But who can afford fireplaces here?

mitoguitarman, you can pick up a wood burning stove at many home centers (hardware stores) for as little as 10,000 yen and install it yourself. Firewood can be cut by people who own cheap forested mountain land for their own use or to be sold. In the countryside (and Fukushima has plenty of it), there are lots of people with wood burning stoves.

Although the Forestry Agency has already advised that firewood containing 40 becquerels or more of radioactive cesium per kilogram should not be sold or burned

Right. I will just run a firewood sample down to the local lab...

4 ( +4 / -0 )

firewood ash containing over 1,000 times that amount has been found in the garden of one home, TV Asahi reported

Wonderful. Winter is about half over, and now they have concluded that the firewood should not have been burned. Typical Japanese bureaucrats being proactive.

1 ( +3 / -2 )

That's a lot of Bq's going up in smoke.

2 ( +2 / -0 )

Just another example of how having people living in these radioactive areas is going to spread the radioactive particles all over the place.

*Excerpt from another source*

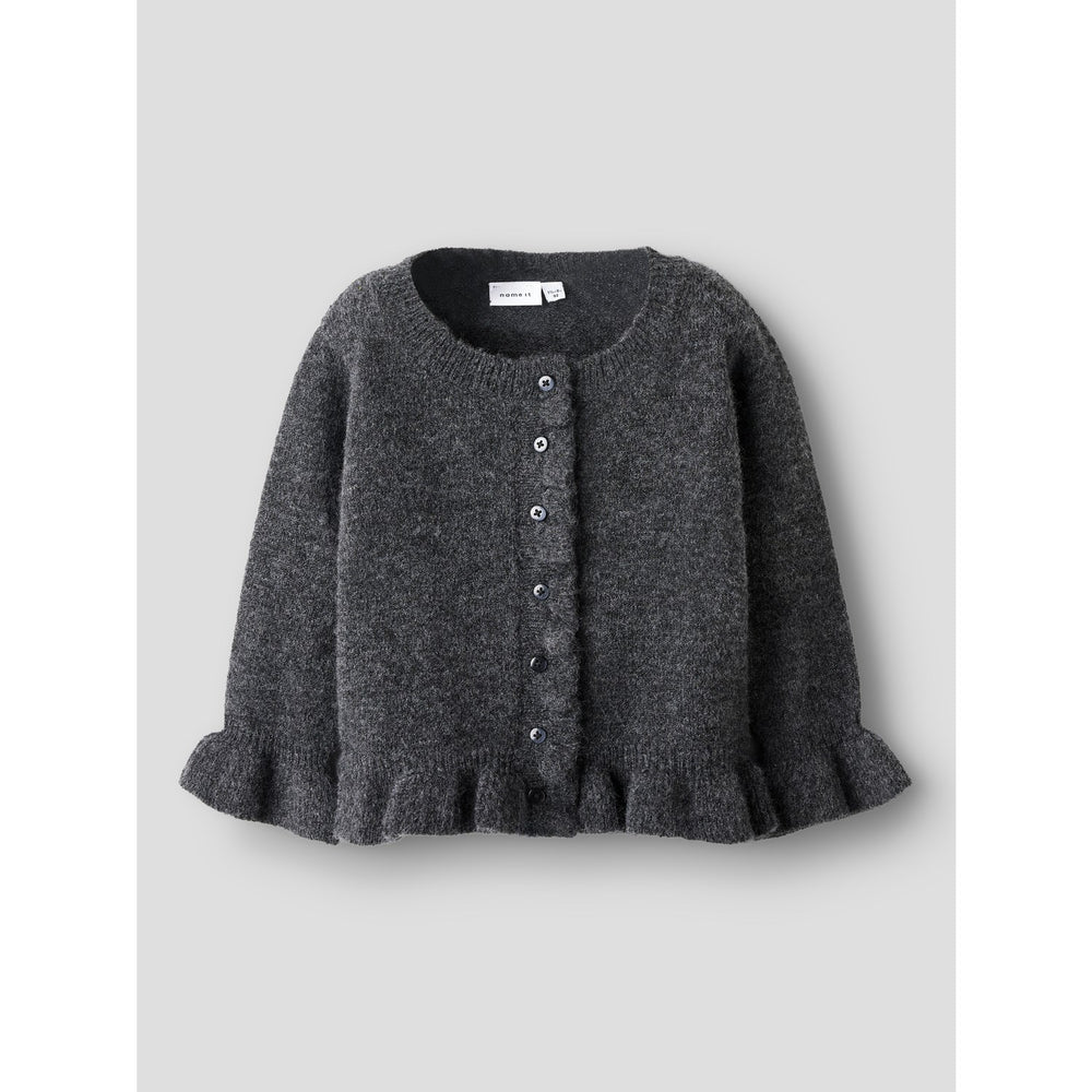 Wrap your little one in warmth with the Name It Dark Grey Melange Nmfsupia Ls Knit Cardigan. Perfect for chilly evenings, this knitted cardigan features a fluffy, hairy knit ensuring supreme softness and a cozy feel. Its regular fit, O-neck design, and long sleeves with ribbed cuffs provide comfort while adding a dash of style with delightful ruffle details. The button fastening makes it easy to wear, turning dressing into a breeze. Crafted with care, this cardigan is ideal for layering over any outfit, offering both functionality and adorable style.
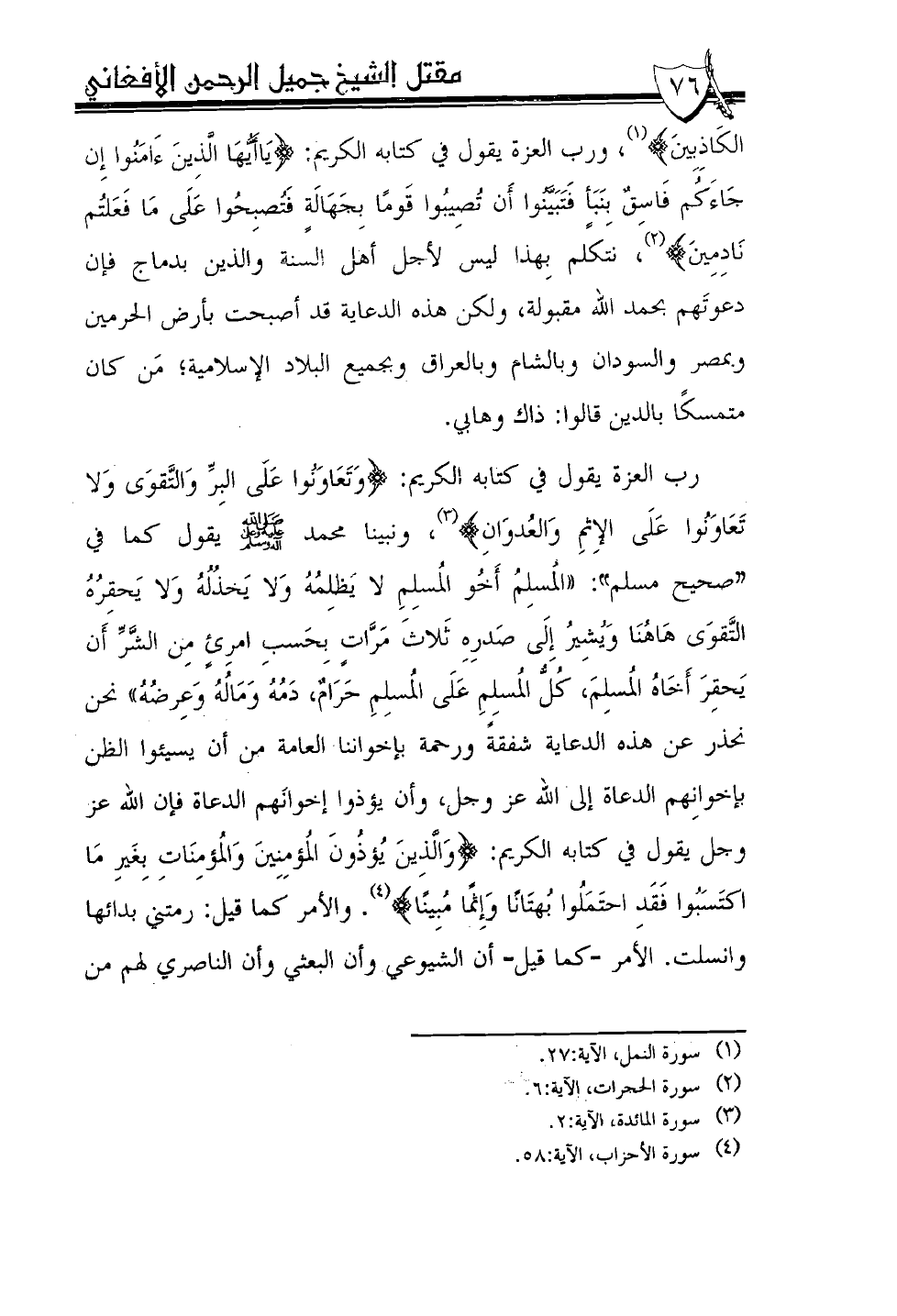 رب العزة يقول في كتابه الكريم: {وتعاونوا على البرّ والتّقوى ولا تعاونوا على الإثم والعدوان (¬3)}، ونبينا محمد صلى الله عليه وعلى آله وسلم يقول كما في "صحيح مسلم": ((المسلم أخو المسلم لا يظلمه ولا يخذله ولا يحقره التّقوى هاهنا ويشير إلى صدره ثلاث مرّات بحسب امرئ من الشّرّ أن يحقر أخاه المسلم، كلّ المسلم على المسلم حرام، دمه وماله وعرضه)) نحن نحذر عن هذه الدعاية شفقةً ورحمة بإخواننا العامة من أن يسيئوا الظن بإخوانّهم الدعاة إلى الله عز وجل، وأن يؤذوا إخوانهم الدعاة فإن الله عز وجل يقول في كتابه الكريم: {والّذين يؤذون المؤمنين والمؤمنات بغير ما اكتسبوا فقد احتملوا بهتانًا وإثمًا مبينًا (¬4)}. والأمر كما قيل: رمتني بدائها وانسلت. الأمر كما قيل أن الشيوعي وأن البعثي وأن الناصري لهم من

Now you know why Russia just abandoned areas around Chernobyl and did not try to clean it up like the Japanese insist on trying. (special emphasis on the word "trying").

6 ( +6 / -0 )

Earth to nagatacho, GET THESE PEOPLE OUT of contaminated areas! WTF! Let them live there getting high doses, daily activities spread the stuff around.

Govt time to dig yr heads outta your arses & start implementing some common sense, for christs sake!

0 ( +1 / -1 )

Now you know why Russia just abandoned areas around Chernobyl and did not try to clean it up like the Japanese insist on trying. (special emphasis on the word "trying").

The Soviet Union should not be used as a role model for anything, they abandoned Chernobyl because of the primitive technology, lack of willpower and reluctance to use whatever precious little money they had to decontaminate the area. Don't write off the Japanese, they learn from their mistakes, after the devastation and massive loss of life caused by the Hanshin earthquake in 1995, strict building codes were implemented, and you can see for yourself how houses and roads remained intact after the much stronger 2011 Tohoku earthquake. They've already invented a machine since the Fukushima disaster that remove 97% of cesium from contaminated soil. There are problems, but don't be surprised if international predictions are proved wrong and that area is liveable alot sooner than what Westeners are saying. Thank God for the Japanese, they lead the way in refining and making best use of existent technology on a practical, human level.

-5 ( +1 / -6 )

Nobody is downing ingenuity in the face of adversity. Companies will always come up with ways strive to solve environmental and or health problems. There is big big money in it. But what the consensus of the above posters oginome is basic, human concern for those who are living and breathing in areas where there is contamination. The Concern for their wellbeing is quite obvious.

3 ( +3 / -0 )

Nobody is downing ingenuity in the face of adversity. Companies will always come up with ways strive to solve environmental and or health problems. There is big big money in it. But what the consensus of the above posters oginome is basic, human concern for those who are living and breathing in areas where there is contamination. The Concern for their wellbeing is quite obvious.

I never said these people should continue to live areas while they are contaminated.

-1 ( +1 / -2 )

It seems that news like this pops up every other day. Last week it was cement used to build apartments. I fear the safety standards Japan has invoked are no where near stringent enough and over the two or three decades there will be a major increase in health problems related to exposure to radiation.

1 ( +2 / -1 )

The Soviet Union should not be used as a role model for anything

Okay. The Soviets also ate food and drank water. Of course you will quit those now, right?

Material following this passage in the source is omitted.